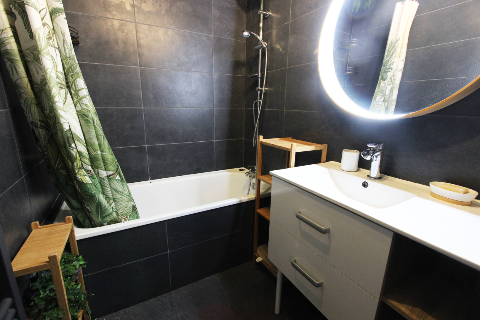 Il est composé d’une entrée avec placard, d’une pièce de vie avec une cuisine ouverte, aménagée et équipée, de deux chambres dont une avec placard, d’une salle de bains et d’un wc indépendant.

---+---

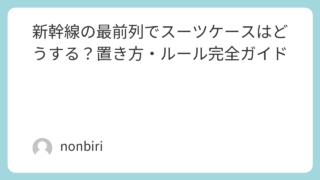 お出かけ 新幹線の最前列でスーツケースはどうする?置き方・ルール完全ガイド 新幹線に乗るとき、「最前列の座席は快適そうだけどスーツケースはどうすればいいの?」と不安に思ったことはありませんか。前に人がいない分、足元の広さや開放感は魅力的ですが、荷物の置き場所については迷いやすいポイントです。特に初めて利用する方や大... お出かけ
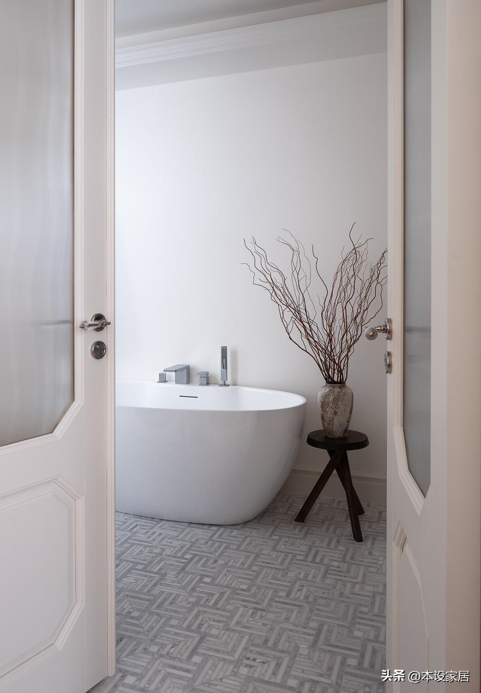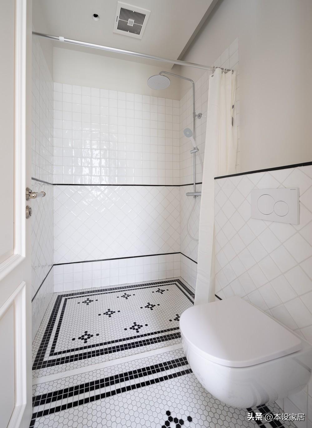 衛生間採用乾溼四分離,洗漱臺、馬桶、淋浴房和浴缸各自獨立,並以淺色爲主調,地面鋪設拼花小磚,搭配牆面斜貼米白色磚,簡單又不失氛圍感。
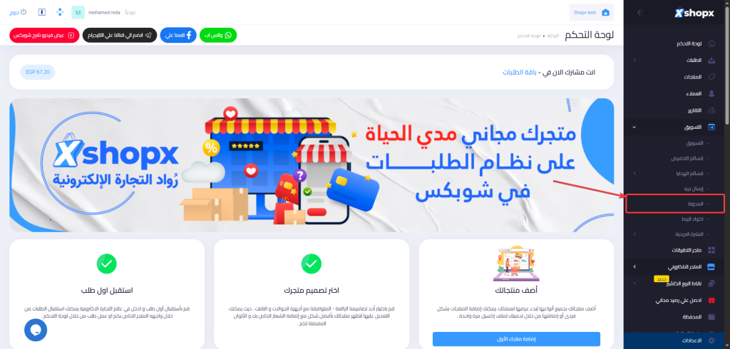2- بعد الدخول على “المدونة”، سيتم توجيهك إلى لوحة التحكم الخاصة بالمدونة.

---+---

**THE PROBLEM**: Given the listing above, retype only the span of lines from the line with "衛生間採用乾溼四分離,洗漱臺" up to and including the line with "2- بعد الدخول", exactly as it stands and without pictures.

**WRITTEN ANSWER**:
 衛生間採用乾溼四分離,洗漱臺、馬桶、淋浴房和浴缸各自獨立,並以淺色爲主調,地面鋪設拼花小磚,搭配牆面斜貼米白色磚,簡單又不失氛圍感。
2- بعد الدخول على “المدونة”، سيتم توجيهك إلى لوحة التحكم الخاصة بالمدونة.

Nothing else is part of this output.